R_{AC}/R_{DC} = 1 + Y_{C} + Y_{S} + Y_{P} (Eq. 1)

Where Y_{C}, Y_{S}, and Y_{P} are the effects due to the conductor, sheath, and conduit, respectively. Because we're considering only nonmetallic sheaths in air or nonmetallic conduit, we have to be concerned only with Y_{C} in our discussion.

The Neher McGrath paper also shows that you can express Y_{C} as follows:

Y_{C} = Y_{CS} + Y_{CP}

Where Y_{CS} is the conductor component due to *skin effect* and Y_{CP} is the conductor component due to *proximity effect*.

So taking into consideration the above comments, Equation 1 becomes:

R_{AC}/R_{DC} = 1 + Y_{CS} + Y_{CP} (Eq. 2)

Both the skin and proximity effects are a function of F_{(x)} which for solid and concentric round conductors is given in Table 1. Thus, for Y_{CS} and Y_{CP}, we have the following equations:

Y_{CS} = F_{(x)} (Eq. 3)

Y_{CP} = F_{(x)} K^{2} × [ (1.18/F_{(X)} + 0.27) + 0.312K^{2} ] (Eq. 4)

Where,

K = D_{C}/S,

x = 0.0276 × √f/R_{DC}

f = frequency in Hz

R_{DC} = conductor direct current resistance at operating temperature (ohms per 1,000 ft)

D_{C} = conductor diameter (in.)

S = axial spacing between conductors (in.)
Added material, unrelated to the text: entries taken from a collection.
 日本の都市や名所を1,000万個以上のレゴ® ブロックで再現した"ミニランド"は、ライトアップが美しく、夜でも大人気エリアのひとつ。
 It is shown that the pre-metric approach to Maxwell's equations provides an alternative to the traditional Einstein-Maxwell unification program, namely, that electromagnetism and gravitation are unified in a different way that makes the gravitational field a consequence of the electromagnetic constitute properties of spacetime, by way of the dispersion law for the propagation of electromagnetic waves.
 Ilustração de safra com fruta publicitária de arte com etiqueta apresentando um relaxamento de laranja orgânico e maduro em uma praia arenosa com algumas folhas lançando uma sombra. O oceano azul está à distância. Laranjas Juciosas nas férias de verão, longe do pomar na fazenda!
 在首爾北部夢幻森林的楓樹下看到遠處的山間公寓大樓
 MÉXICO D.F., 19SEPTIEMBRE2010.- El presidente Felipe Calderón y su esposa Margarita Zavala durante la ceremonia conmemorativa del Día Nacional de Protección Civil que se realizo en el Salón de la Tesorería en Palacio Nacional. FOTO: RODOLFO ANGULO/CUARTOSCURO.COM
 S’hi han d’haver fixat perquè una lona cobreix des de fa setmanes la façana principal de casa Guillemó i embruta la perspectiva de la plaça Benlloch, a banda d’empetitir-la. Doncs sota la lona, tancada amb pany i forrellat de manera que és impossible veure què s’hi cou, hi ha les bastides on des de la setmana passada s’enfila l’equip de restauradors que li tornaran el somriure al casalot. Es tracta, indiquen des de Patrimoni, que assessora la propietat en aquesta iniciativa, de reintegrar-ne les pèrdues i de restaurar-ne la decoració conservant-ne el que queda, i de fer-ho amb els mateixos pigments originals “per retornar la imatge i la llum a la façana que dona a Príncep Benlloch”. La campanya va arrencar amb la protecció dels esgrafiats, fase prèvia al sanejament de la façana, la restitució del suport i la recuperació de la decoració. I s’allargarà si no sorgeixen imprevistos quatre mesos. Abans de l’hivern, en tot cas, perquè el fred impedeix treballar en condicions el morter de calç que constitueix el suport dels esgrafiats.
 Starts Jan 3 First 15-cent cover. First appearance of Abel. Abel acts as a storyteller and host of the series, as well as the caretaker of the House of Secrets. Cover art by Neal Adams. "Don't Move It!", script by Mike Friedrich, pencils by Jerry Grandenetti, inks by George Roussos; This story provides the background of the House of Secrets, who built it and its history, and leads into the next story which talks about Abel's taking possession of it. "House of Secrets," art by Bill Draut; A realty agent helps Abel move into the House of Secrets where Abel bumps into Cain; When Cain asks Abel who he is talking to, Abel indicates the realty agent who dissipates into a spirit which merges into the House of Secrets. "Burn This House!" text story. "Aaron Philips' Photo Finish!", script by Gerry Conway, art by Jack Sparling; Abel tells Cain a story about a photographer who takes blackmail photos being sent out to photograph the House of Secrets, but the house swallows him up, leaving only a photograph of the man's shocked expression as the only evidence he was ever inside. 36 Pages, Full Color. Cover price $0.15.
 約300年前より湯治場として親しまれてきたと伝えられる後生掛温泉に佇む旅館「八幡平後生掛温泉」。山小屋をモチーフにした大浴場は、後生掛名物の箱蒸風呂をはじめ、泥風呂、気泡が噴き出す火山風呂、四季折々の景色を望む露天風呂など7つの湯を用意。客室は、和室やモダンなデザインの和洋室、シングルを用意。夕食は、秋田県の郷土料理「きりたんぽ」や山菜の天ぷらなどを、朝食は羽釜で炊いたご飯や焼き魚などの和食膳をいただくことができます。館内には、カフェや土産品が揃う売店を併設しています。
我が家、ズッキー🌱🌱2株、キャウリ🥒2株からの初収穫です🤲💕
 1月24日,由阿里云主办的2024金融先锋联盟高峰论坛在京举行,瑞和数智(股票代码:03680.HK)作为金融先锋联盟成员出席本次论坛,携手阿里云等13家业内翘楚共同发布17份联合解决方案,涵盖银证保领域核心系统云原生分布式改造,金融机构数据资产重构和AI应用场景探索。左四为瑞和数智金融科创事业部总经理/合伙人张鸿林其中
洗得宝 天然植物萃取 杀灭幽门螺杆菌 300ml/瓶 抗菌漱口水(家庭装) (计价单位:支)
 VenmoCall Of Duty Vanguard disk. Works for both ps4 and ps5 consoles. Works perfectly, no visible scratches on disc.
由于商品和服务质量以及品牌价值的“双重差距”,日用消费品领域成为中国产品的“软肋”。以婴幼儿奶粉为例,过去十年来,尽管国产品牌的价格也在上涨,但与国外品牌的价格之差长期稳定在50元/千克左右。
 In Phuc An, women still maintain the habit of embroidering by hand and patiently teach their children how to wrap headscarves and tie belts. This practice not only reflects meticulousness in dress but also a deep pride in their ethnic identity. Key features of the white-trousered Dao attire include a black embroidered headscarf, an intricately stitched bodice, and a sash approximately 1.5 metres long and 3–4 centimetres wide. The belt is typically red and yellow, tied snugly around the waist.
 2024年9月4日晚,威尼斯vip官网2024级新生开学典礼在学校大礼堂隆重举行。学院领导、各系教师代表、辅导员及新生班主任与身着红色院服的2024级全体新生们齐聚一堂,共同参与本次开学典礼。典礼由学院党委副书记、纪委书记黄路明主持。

F_{(x)} = function of x from Table 1

**Table 2** (click here to see **Table 2**) lists the AC/DC resistance ratios as calculated from Equations 3 and 4. *Note*: B = f/√R_{DC }and K = D_{C}/S

You can determine the ampacity of a given conductor size at 400 Hz by multiplying the 60-Hz rating by the corresponding derating factor. For the larger sizes, the deratings are on the conservative side in that they are actually based on DC ratings of the conductors. You can consider the small error, on the safe side, as negligible in view of the possible variations in insulation thicknesses, etc.

In addition, the resistance ratios provided here do not include losses in any metal sheath, armor, or conduit. Losses in a thin aluminum armor tape may be small, but those in a metal conduit could be large enough to cause trouble if currents are large.